Further questions that might be interest to the reader

  • Page 11 - The paper notes the high cost of introducing new data structures. However, better-designed structures might yield computational or memory efficiency benefits. Could the author expand on how they weigh human-centric design against computational performance?
  • Page 13 - The distinction between data-variable and environment-variable remains a subtle source of confusion. Readers may benefit from a discussion of past approaches like aes_string() in ggplot2 that used string inputs to resolve this. Why was this strategy eventually deprecated in favor of tidy evaluation?
  • Page 13 - The tidy evaluation section could be enhanced by acknowledging alternative approaches in base R, such as bquote() and eval(). For example:
grouped_mean <- function(df, var_name, summary_var) {
  bquote(df %>%
           group_by(.(substitute(var_name))) %>%
           summarise(mean = mean(.(substitute(summary_var))))
         ) %>%
    eval()
}

grouped_mean(cars, dist, speed)

This method is accessible using base tools without the need of tidyeval and can be conceptualized as macro substitution. Some readers may wonder why the tidyverse chose not to promote this simpler approach. A brief comment or comparison would be welcome. - Page 17 - The tidymodels framework is introduced, but its reception in the community is not discussed.
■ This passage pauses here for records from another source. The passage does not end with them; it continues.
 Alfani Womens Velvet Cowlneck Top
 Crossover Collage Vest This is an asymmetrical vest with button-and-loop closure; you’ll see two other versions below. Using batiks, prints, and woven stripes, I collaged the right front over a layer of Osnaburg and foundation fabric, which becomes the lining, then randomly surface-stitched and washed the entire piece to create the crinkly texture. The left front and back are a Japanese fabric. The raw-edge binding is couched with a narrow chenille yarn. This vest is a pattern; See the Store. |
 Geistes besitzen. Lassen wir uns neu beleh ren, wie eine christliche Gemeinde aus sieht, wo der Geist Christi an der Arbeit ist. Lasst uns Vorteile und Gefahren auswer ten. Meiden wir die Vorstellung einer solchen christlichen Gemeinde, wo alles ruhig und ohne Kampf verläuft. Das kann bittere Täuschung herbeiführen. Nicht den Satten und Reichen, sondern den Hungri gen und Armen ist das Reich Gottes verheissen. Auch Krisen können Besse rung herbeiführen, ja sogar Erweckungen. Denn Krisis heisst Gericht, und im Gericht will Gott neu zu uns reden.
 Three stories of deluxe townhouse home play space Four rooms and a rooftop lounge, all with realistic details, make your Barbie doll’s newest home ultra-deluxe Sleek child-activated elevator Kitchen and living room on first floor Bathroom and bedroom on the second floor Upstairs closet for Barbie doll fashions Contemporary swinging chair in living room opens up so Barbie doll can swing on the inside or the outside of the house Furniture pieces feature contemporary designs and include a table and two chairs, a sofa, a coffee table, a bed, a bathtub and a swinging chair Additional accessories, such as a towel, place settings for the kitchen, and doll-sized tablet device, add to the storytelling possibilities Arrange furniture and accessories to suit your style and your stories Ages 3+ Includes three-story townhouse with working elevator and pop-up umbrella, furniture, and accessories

Some readers may be curious whether it achieved the same adoption and clarity as earlier tidyverse tools. Were there challenges in unifying APIs for different statistical models? Has the community embraced it, or found it complex compared to, say, lm() or glm() workflows? - What was author’s influence on the design of the dplyr package? Çetinkaya-Rundel et al (2022) “An educator’s perspective of the tidyverse” suggests that dplyr has benefits of transferability with SQL syntax, but was the author motivated by SQL? - How did he become a contractor for Winston Chang? How did his job at RStudio start? Where did he meet JJ Allaire?

Typos or grammar issues

  • Page 2: “this led to an general interest” -> “this led to a general interest”
  • Page 3: “my Dad” -> “my dad” (to be consistent with page 2)
  • Page 3: “This lead me to” -> “This led me to”
  • Page 3: “through generally provided” -> doesn’t grammatically make sense
  • Page 4: “NSF” -> National Science Foundation.
  • Page 4 - “for the the tidyverse” -> “for the tidyverse”?
  • Page 5: “it requires that understand functions” -> “it requires that users understand functions”
  • Page 6 - “In the this section” -> “In this section”
  • Page 6: “an pragmatic approach” (in the footnote) -> “a pragmatic approach”
  • Page 14 - “I fully I embraced” -> “I fully embraced”
  • Page 17: “usethis::use_release_isse()” -> “usethis::use_release_issue()”
  • Page 19: “we the community found” -> “the community found”
  • Page 20: “IDE”, “LLMs” -> acronyms should be defined first

“new users bring fresh perspectives and questions that challenge assumptions, while experienced practitioners share deep insights that push the ecosystem forward.” -> very nice writing.

Possible fixes

  • Figure 1: the grey points I believe represent the update releases to CRAN. Caption needs to include this.
  • Page 17, tidymodels team doesn’t mention Julia Silge, but isn’t she part of the tidymodels team?
  • Page 18: mention of R forwards task force (https://forwards.github.io/) is I think fitting next to R-Ladies, etc.
  • Page 21 - The author mentions re-licensing to MIT. It may be worth briefly acknowledging the 2020 GitHub discussions about ggplot2 re-licensing, where some community members raised concerns about enabling commercial reuse without attribution. A sentence to acknowledge the diversity of views would provide transparency and balance.